Женщина рассеянно отерла слезы, непроизвольно текущие у нее из глаз.
— Оно само, — облегченно вздохнула она, но стоило ей заметить, с каким беспокойством и с какой нежностью смотрит на нее Рома, как ей захотелось заплакать уже по-настоящему.
— Неужели вы…? — хотел было спросить он, догадавшись обо всем, но осекся.
— Может быть, — кивнула она, опустив глаза, — Я никогда не испытывала ничего подобного, так что не могу ответить точно.
— Вы знаете, я тоже. Тоже полюбил кого-то впервые, — выпалил он радостно.
— «Кого-то»? Только не говорите, что меня.
— Ну да, вас.
Нинель не знала, чем на это можно было ответить.
Рома смущенно улыбнулся, отвернулся к аптечке и тут же вытащил из нее все необходимое. Пока он выводил избытки препарата из ее организма, они сидели молча, боясь брякнуть что-нибудь лишнее. А когда женщина пришла в норму, она наконец собралась с мыслями и сказала собравшемуся уходить и стоящему у порога курьеру:
— Венера слишком далеко отсюда.
Рома остановился, но так и не повернулся к собеседнице.
— Тогда почему бы нам не полететь на нее вместе? — предложил он, пытаясь унять дрожь.
Грохнулся на пол аптечный чемоданчик. Пробежались по стеклянным осколкам последние лучики марсианского закатного солнца.

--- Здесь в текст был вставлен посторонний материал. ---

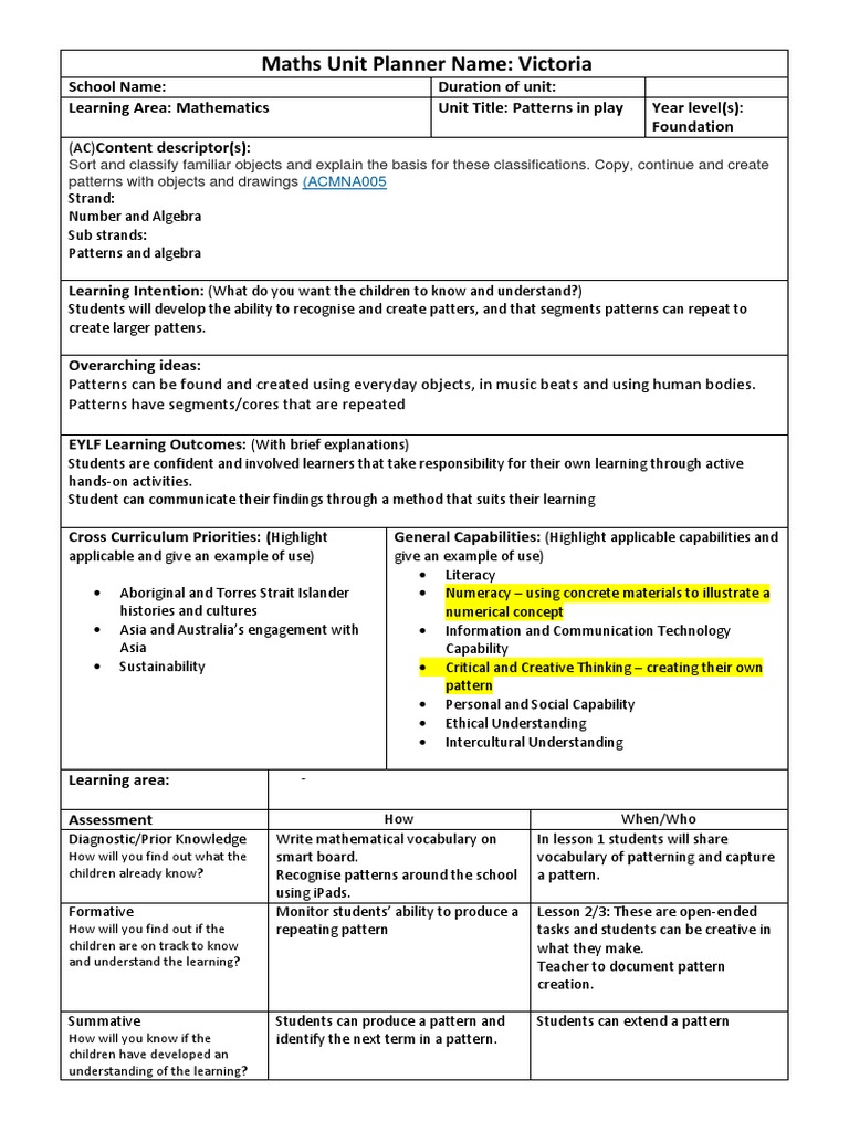 Learning Area: Mathematics Unit Title: Patterns in play Year level(s):
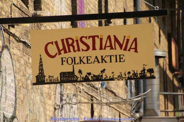 Nach dem herrlichen Frühstück mit nettem Ausblick auf Kopenhagen und Umgebung starten wir zur Besichtigungstour. Zu Fuß machen wir uns auf den Weg – zuerst nach Christiania – die ehemalige „Hibbiestadt“, die in der Zwischenzeit eher eine Tourismusattraktion darstellt. Wir haben den Eindruck, dass neben den Busladungen von Touristen viele Menschen nur hier her kommen, um in der Öffentlichkeit ihren Joint zu rauchen. Da wir zu beiden Gruppen nicht gehören, suchen wir den Weg zu den anderen Sehenswürdigkeiten. Entgegen meinem sonst sprichwörtlichen Orientierungssinns verlaufen wir uns – man kann fast sagen – wie Hänsel und Gretel. Sonja ist mir jetzt auch keine große Hilfe. Ansonsten – wenn ich mich gar nicht mehr auskenne, frage ich ansonsten immer Sonja, welchen Weg wir einschlagen sollen und dann gehen wir genau in die entgegengesetzte Richtung. Das klappt meistens, aber selbst hier funktioniert diese Methode in Kopenhagen nicht und so bringen wir doch einige Kilometer Fußweg an diesem Tag zusammen.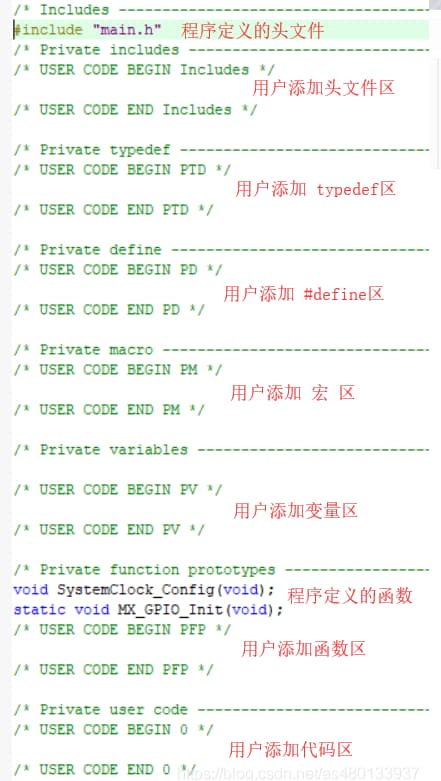 用户自己编写的代码注意写在区域里,不然重新生成 CubeMX 会没了

Наполнил легкие аромат древесных духов, смешавшийся с запахом разлитого по кафелю спирта. «С сегодняшнего дня уже ничего не будет так, как прежде», — слова эти Нинель повторяла в своей голове, как молитву. И хотя она страшилась того неизвестного, что ожидало ее впереди, она летела к нему навстречу с сияющей счастьем улыбкой.